▶ [THE PROBLEM]: Leave the pictures aside and give back every entry below word for word.

▶ [MATERIAL FOR THE TASK]:
[Start of section]
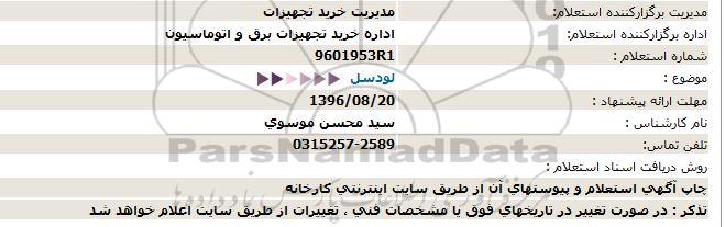 اداره برگزارکننده استعلام: اداره خرید تجهیزات برق و اتوماسیون
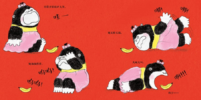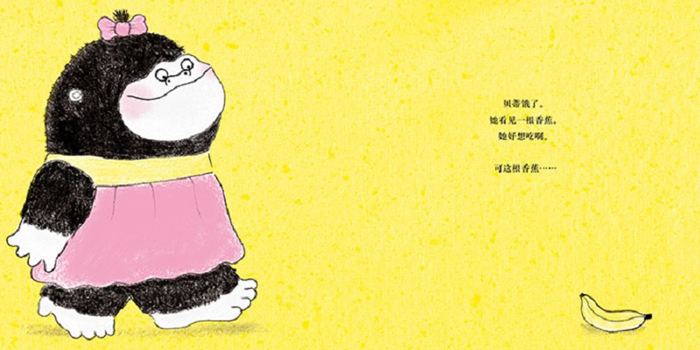 故事简单、贴近生活。安东尼用黑色、黄色以及粉红色,就画出我们身边刚学剥香蕉吃的小孩着急跺脚的模样。 ——《纽约时报》
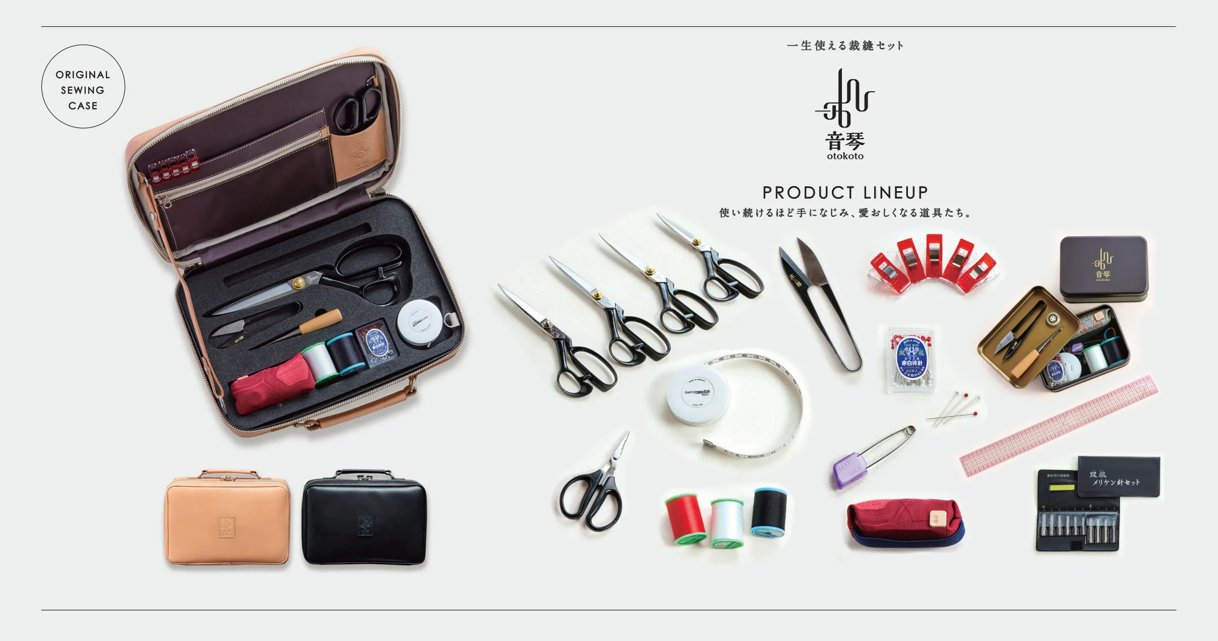 長年のデザイナー経験を活かして使いやすく経年性の高い裁縫道具ばかり集めた「音琴otokoto裁縫箱」を販売。
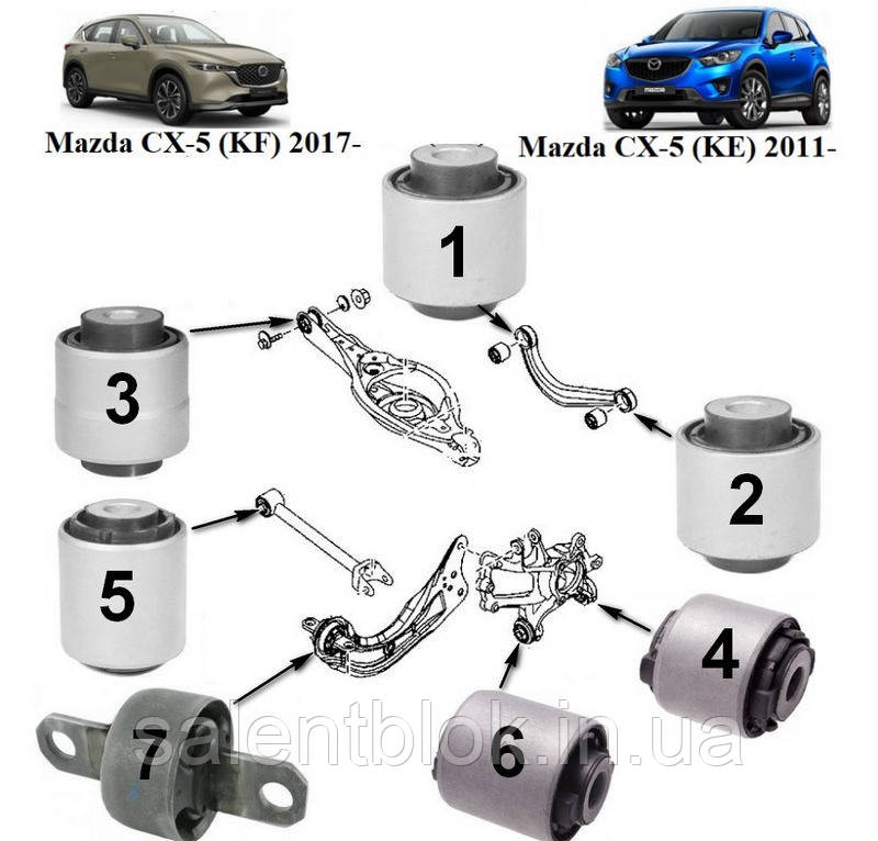 Сайлентблоки Mazda 3 (BM) 2013-, Mazda 3 (BN) 2016-, Mazda 6 (GJ) 2012-, Mazda 6 (GL) 2016-, Mazda CX-5 (KE) 2011-, Mazda CX-5 (KF) 2017-
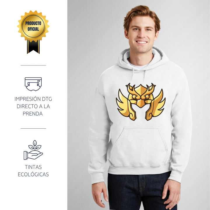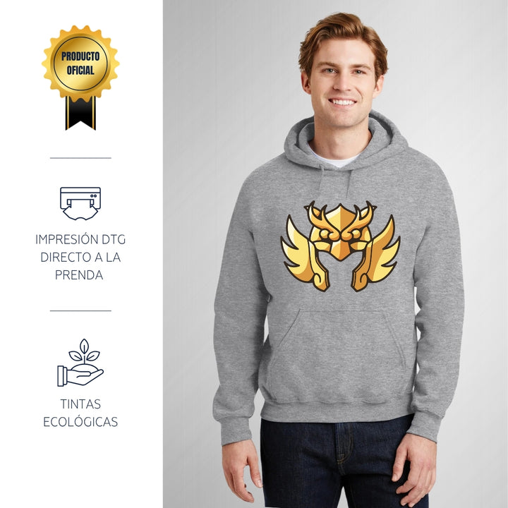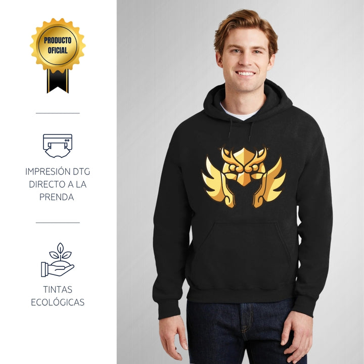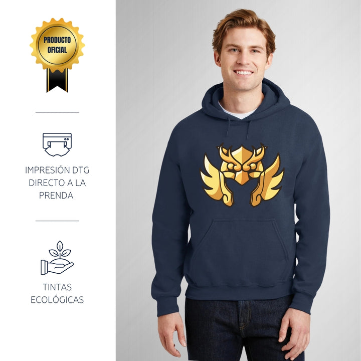 Sudadera hoodie de adulto con gorro o capucha y bolsillo frontal canguro, para hombre nueva, diseño Saint Seiya Libra original impreso con tecnología DTG (directo a la prenda) tacto cero, uso casual o deportiva, 50% algodón y 50% poliéster fleece pre encogido, estructura tubular con ajuste clásico. Colores de sudadera: Negro, Blanco, Azul Marino, Gris.
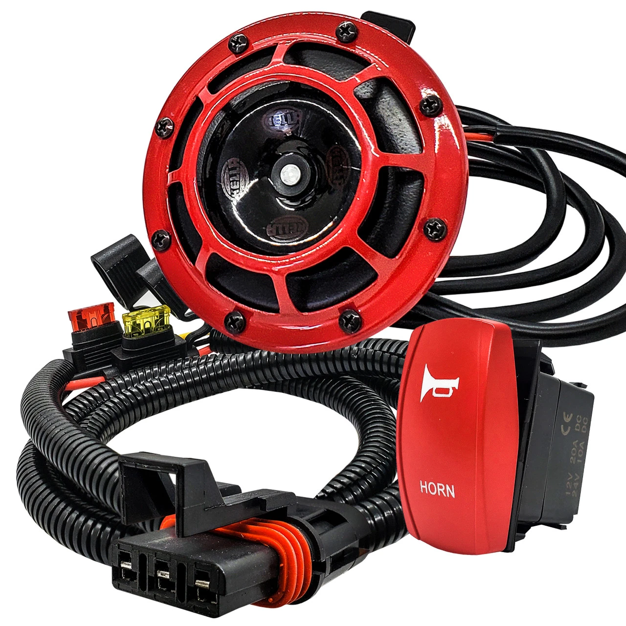 - Featuring a robust 14AWG wire setup, our kit guarantees durability and reliability. It includes a 10A fuse for ignition (key switch) and a 20A fuse for constant power, assuring safety and protection. The power wire is meticulously encased in split wire loom tubing, while the 5ft. horn wire is coated with silicon for easy routing and handling.
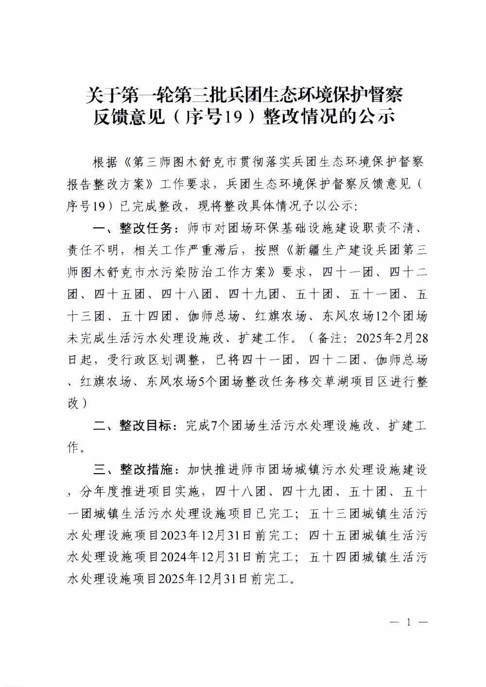 关于第一轮第三批兵团生态环境保护督察反馈意见(序号19)整改情况的公示
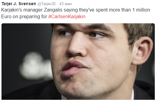Media have approached me asking for #CarlsenKarjakin chances. I didn't respond, but after a good thought I now give Karjakin approx. 36.8%. |
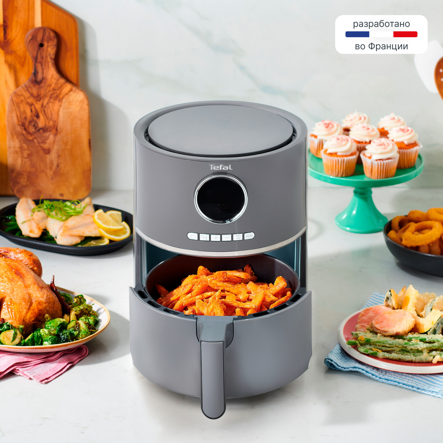 Объем чаши 4.2 литра позволяет приготовить полноценный ужин за один раз. Управление простое и интуитивное: на цифровом дисплее можно установить таймер, выбрать одну из 8 автоматических программ для разных продуктов или настроить температуру от 80°C до 200°C для ваших авторских рецептов. Система циркуляции горячего воздуха гарантирует равномерное пропекание и сочный результат.
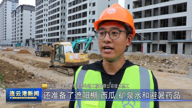 孙东文 连云港市金泰公路工程有限公司 技术总工:我们安排工人轮岗工作,适时安排休息,还准备了遮阳棚,西瓜、矿泉水,避暑药品,实时对工人实施健康检查,确保安全生产工作有序进行。
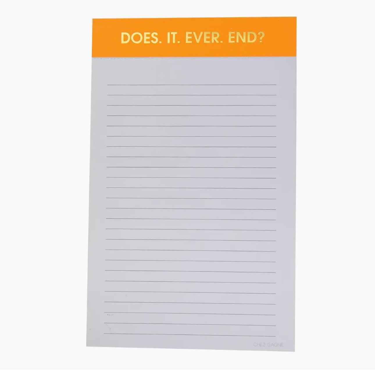 You'll never run out of space to jot down those brilliant ideas with our Does It Ever End Note Pad! Clever, right? The 65 lined and perforated pages make it easy to tear out and share or discard your notes. And with the vibrant neon tangerine cover and gold foil printing, you'll feel extra fancy. Plus, it's made with FSC certified paper, so you can feel good about writing on it. It's shrink wrapped and 5" x 8", making it the perfect size for your desk, bag, or pocket! Go ahead, write on!
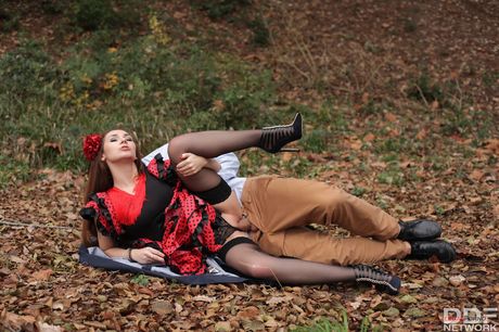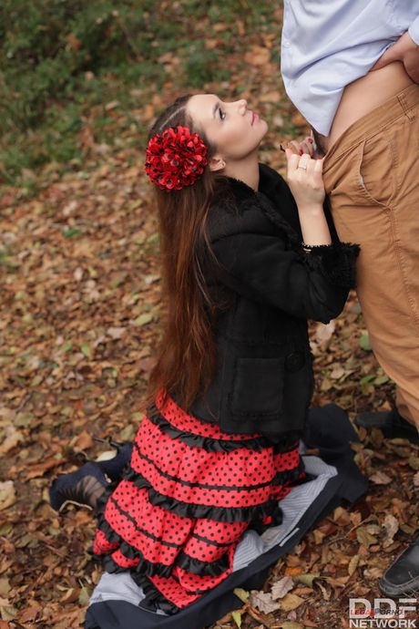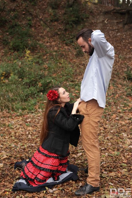 Porn World: Sexy Russian Stacy Snake da una mamada en el bosque y se corre una corrida
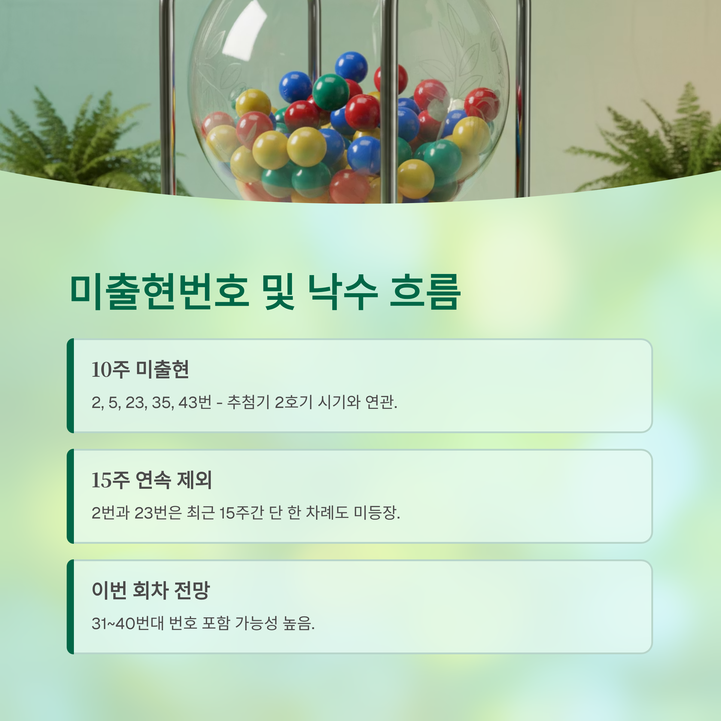 특히 2번과 23번은 최근 15주간 단 한 차례도 등장하지 않았으며, 이는 추첨기 2호기 시기와 겹칩니다. 낙수 흐름상 이번 회차에서는 31~40번대 번호가 다시 포함될 가능성이 높습니다.
[End of section]
▶ [RESPONSE BOX]:
 اداره برگزارکننده استعلام: اداره خرید تجهیزات برق و اتوماسیون
 故事简单、贴近生活。安东尼用黑色、黄色以及粉红色,就画出我们身边刚学剥香蕉吃的小孩着急跺脚的模样。 ——《纽约时报》
 長年のデザイナー経験を活かして使いやすく経年性の高い裁縫道具ばかり集めた「音琴otokoto裁縫箱」を販売。
 Сайлентблоки Mazda 3 (BM) 2013-, Mazda 3 (BN) 2016-, Mazda 6 (GJ) 2012-, Mazda 6 (GL) 2016-, Mazda CX-5 (KE) 2011-, Mazda CX-5 (KF) 2017-
 Sudadera hoodie de adulto con gorro o capucha y bolsillo frontal canguro, para hombre nueva, diseño Saint Seiya Libra original impreso con tecnología DTG (directo a la prenda) tacto cero, uso casual o deportiva, 50% algodón y 50% poliéster fleece pre encogido, estructura tubular con ajuste clásico. Colores de sudadera: Negro, Blanco, Azul Marino, Gris.
 - Featuring a robust 14AWG wire setup, our kit guarantees durability and reliability. It includes a 10A fuse for ignition (key switch) and a 20A fuse for constant power, assuring safety and protection. The power wire is meticulously encased in split wire loom tubing, while the 5ft. horn wire is coated with silicon for easy routing and handling.
 关于第一轮第三批兵团生态环境保护督察反馈意见(序号19)整改情况的公示
Media have approached me asking for #CarlsenKarjakin chances. I didn't respond, but after a good thought I now give Karjakin approx. 36.8%. |
 Объем чаши 4.2 литра позволяет приготовить полноценный ужин за один раз. Управление простое и интуитивное: на цифровом дисплее можно установить таймер, выбрать одну из 8 автоматических программ для разных продуктов или настроить температуру от 80°C до 200°C для ваших авторских рецептов. Система циркуляции горячего воздуха гарантирует равномерное пропекание и сочный результат.
 孙东文 连云港市金泰公路工程有限公司 技术总工:我们安排工人轮岗工作,适时安排休息,还准备了遮阳棚,西瓜、矿泉水,避暑药品,实时对工人实施健康检查,确保安全生产工作有序进行。
 You'll never run out of space to jot down those brilliant ideas with our Does It Ever End Note Pad! Clever, right? The 65 lined and perforated pages make it easy to tear out and share or discard your notes. And with the vibrant neon tangerine cover and gold foil printing, you'll feel extra fancy. Plus, it's made with FSC certified paper, so you can feel good about writing on it. It's shrink wrapped and 5" x 8", making it the perfect size for your desk, bag, or pocket! Go ahead, write on!
 Porn World: Sexy Russian Stacy Snake da una mamada en el bosque y se corre una corrida
 특히 2번과 23번은 최근 15주간 단 한 차례도 등장하지 않았으며, 이는 추첨기 2호기 시기와 겹칩니다. 낙수 흐름상 이번 회차에서는 31~40번대 번호가 다시 포함될 가능성이 높습니다.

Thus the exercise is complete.